### Supplied data:
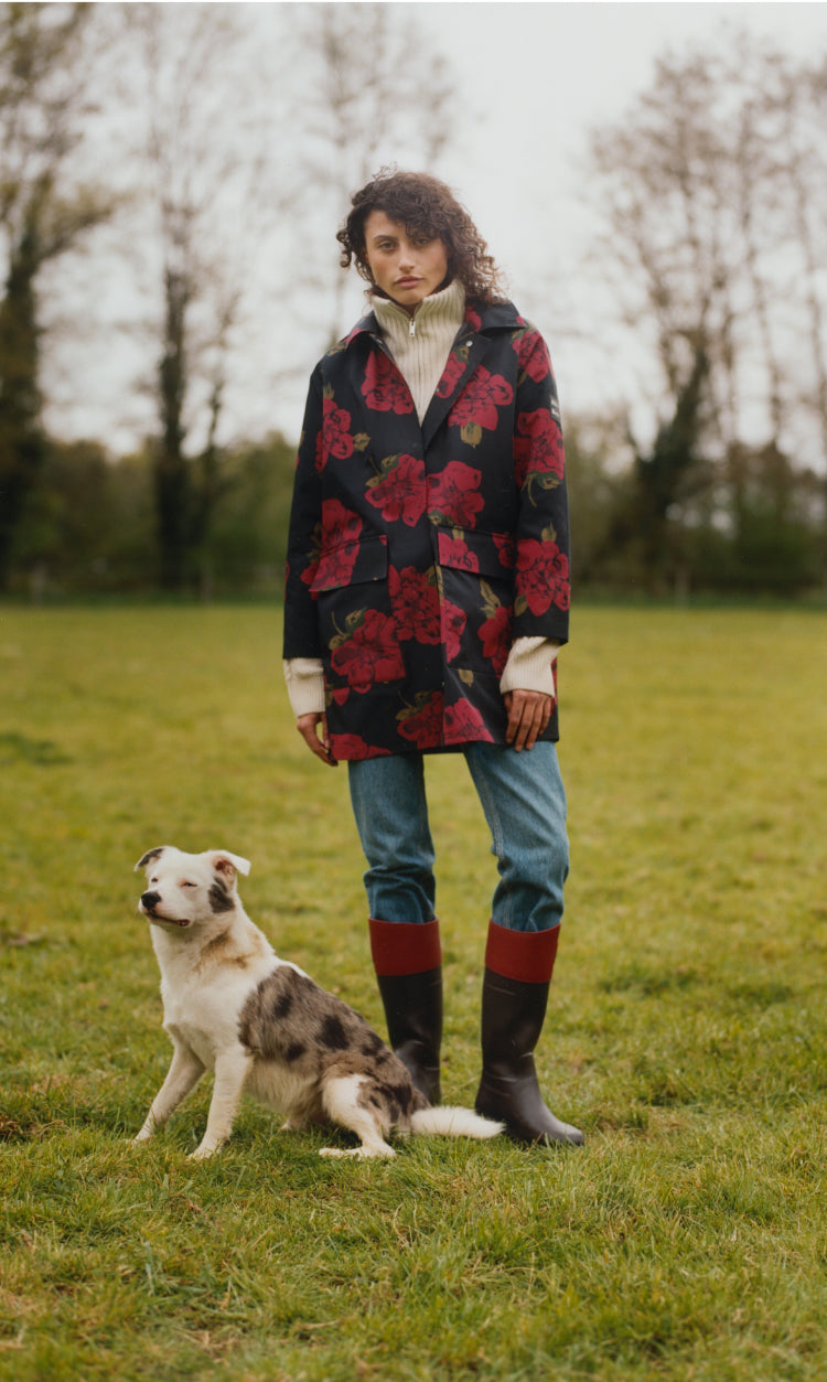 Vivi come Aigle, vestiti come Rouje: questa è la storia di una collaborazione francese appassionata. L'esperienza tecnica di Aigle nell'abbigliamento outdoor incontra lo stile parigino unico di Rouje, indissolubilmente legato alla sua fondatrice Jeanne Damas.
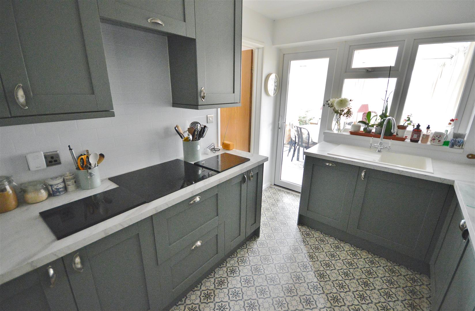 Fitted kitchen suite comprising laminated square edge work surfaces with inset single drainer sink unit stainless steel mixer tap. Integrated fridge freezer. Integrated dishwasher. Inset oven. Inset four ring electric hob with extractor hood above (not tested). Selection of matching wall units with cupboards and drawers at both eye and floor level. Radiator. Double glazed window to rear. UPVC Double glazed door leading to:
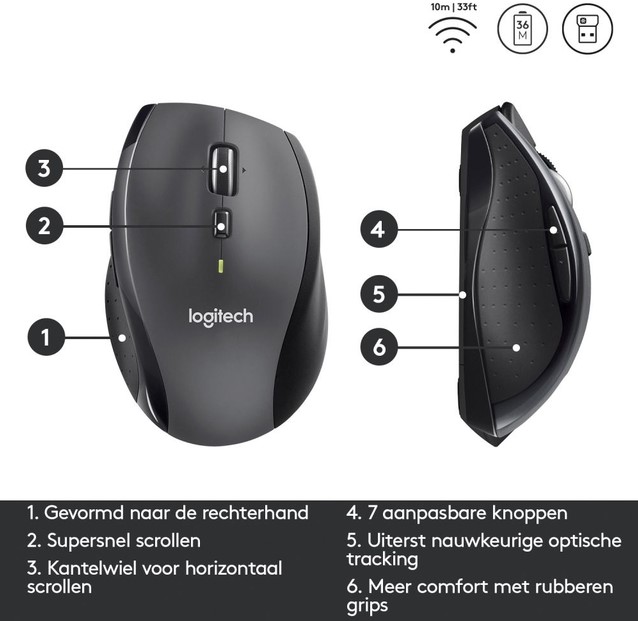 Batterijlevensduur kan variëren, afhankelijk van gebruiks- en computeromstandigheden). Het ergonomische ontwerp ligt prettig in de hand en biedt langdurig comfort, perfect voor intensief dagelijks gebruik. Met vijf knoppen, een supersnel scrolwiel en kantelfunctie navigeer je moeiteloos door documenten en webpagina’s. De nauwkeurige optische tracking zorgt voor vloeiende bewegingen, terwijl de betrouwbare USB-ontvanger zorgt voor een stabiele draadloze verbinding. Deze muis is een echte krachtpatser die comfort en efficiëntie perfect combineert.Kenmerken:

### Exercise brief:
Your answer should reproduce every line of the data verbatim and include no images.

### Solution to this problem:
 Vivi come Aigle, vestiti come Rouje: questa è la storia di una collaborazione francese appassionata. L'esperienza tecnica di Aigle nell'abbigliamento outdoor incontra lo stile parigino unico di Rouje, indissolubilmente legato alla sua fondatrice Jeanne Damas.
 Fitted kitchen suite comprising laminated square edge work surfaces with inset single drainer sink unit stainless steel mixer tap. Integrated fridge freezer. Integrated dishwasher. Inset oven. Inset four ring electric hob with extractor hood above (not tested). Selection of matching wall units with cupboards and drawers at both eye and floor level. Radiator. Double glazed window to rear. UPVC Double glazed door leading to:
 Batterijlevensduur kan variëren, afhankelijk van gebruiks- en computeromstandigheden). Het ergonomische ontwerp ligt prettig in de hand en biedt langdurig comfort, perfect voor intensief dagelijks gebruik. Met vijf knoppen, een supersnel scrolwiel en kantelfunctie navigeer je moeiteloos door documenten en webpagina’s. De nauwkeurige optische tracking zorgt voor vloeiende bewegingen, terwijl de betrouwbare USB-ontvanger zorgt voor een stabiele draadloze verbinding. Deze muis is een echte krachtpatser die comfort en efficiëntie perfect combineert.Kenmerken:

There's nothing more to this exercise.